Porque compartir implica estar atento y saber reconocer la necesidad del otro,
abriéndose a los demás y abriendo el propio interior al amor de los otros.

Porque la solidaridad debe ser una actitud habitual, firme y perseverante de


servicio, de poner atención en las necesidades de los demás, aún a costa de los
beneficios propios.

Porque valorar y ayudar a los compañeros y participar con ellos llevará a la


solidaridad y a la generosidad.

Porque la solidaridad implica un compromiso que en muchas ocasiones nos


obliga a dejar nuestra comodidad e intereses inmediatos por el bien común. Este
compromiso lo debe llevar a buscar siempre los mejores medios,
comprometiendo a la persona para servir y trabajar con generosidad por los
demás.

Porque ser generoso en el servicio a los demás da sentido a la propia vida.

Porque al vivir esta virtud no desde un punto de vista teórico, sino práctico,
lograremos una mayor armonía en la familia y en la sociedad, trabajando y
luchando juntos y capacitaremos a los demás a formar la propia familia con más
posibilidades de estabilidad, éxito y felicidad.

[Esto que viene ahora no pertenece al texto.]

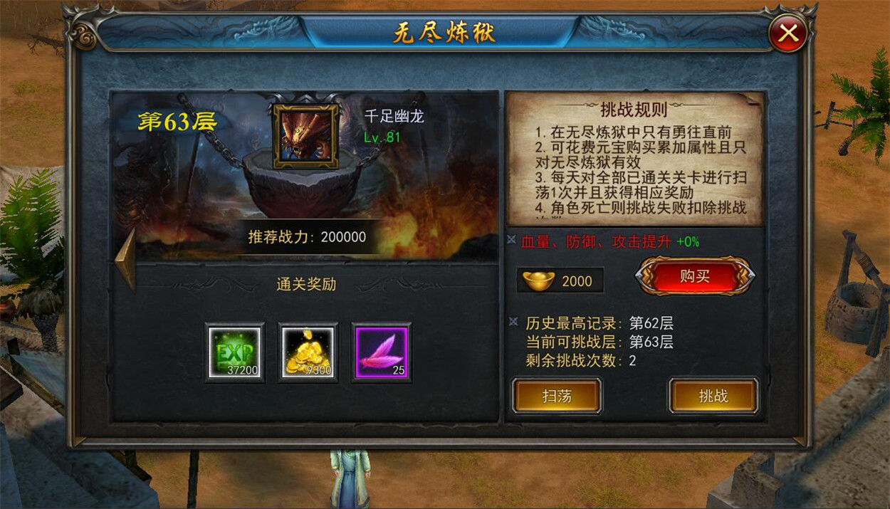 炼狱63层绝对是所有挑战者的噩梦,想要冲过去简直如登天一样难。不过,不用灰心,只需要等实力提升一些,再加上一些小技巧你也是有很大几率成功闯关的。
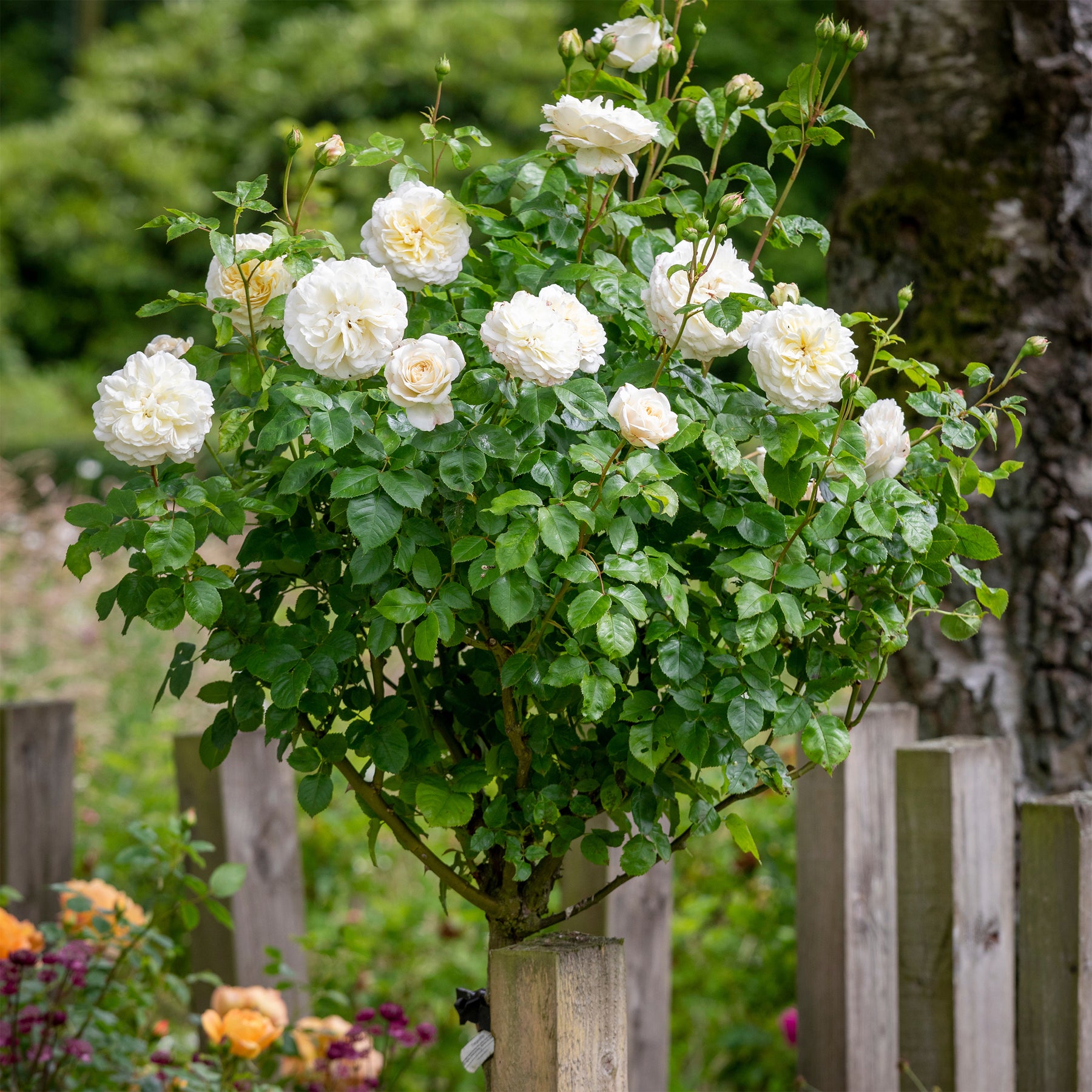 Beautifully rounded flowers, with neatly placed petals making up perfect rosettes. The buds are lightly tinged with yellow but as the flowers open they become pure white. A vigorous shrub; its growth is bushy and upright, clothed in light green foliage, curving outwards in a most attractive manner. With its pure white flowers, this rose lives up to its name.

Al contemplar estas cosas, nos dice el evangelista: levantaos, alzad la cabeza;


se acerca vuestra liberación.

El Adviento debe despertarnos el apetito de lo esencial. Las lecturas nos


exhortan a vivir despiertos, cuidando la oración y la confianza. Vivimos tan
embotados con la TV, con internet, las redes sociales, el móvil, etc. que hemos
perdido la capacidad de escucha, la capacidad de estar solos, de recogernos en
la intimidad, de vivir en contemplación, de hacernos las preguntas
fundamentales de la vida, para vernos sin caretas, sin disfraces en lo más
profundo de nuestro ser, para contemplar con ojos nuevos al Dios que viene.
Solamente en el silencio descubrimos el auténtico sentido de nuestra vida, sólo
así podemos mirar nuestro pasado con paz y reconciliación, nuestro presente
con realismo y el futo con esperanza y abrirnos a la voz de Dios y de los
hermanos. Seamos conscientes que, durante el tiempo de espera, ante la dilación
del Señor, nos amenaza constantemente la tentación de la comodidad, del
placer, de la riqueza, del abandono; sólo el que vigila, el que ora, el que no
abandona el servicio, será salvado, porque la vida que una persona lleve ahora
determinará cómo será su comparecencia ante el Hijo del Hombre. No
perdamos la sensibilidad ante la injusticia con los más débiles, llevados por lo
inminente y por lo que la propaganda nos mete por los ojos.

Pidamos especialmente en esta celebración: Ven, Señor.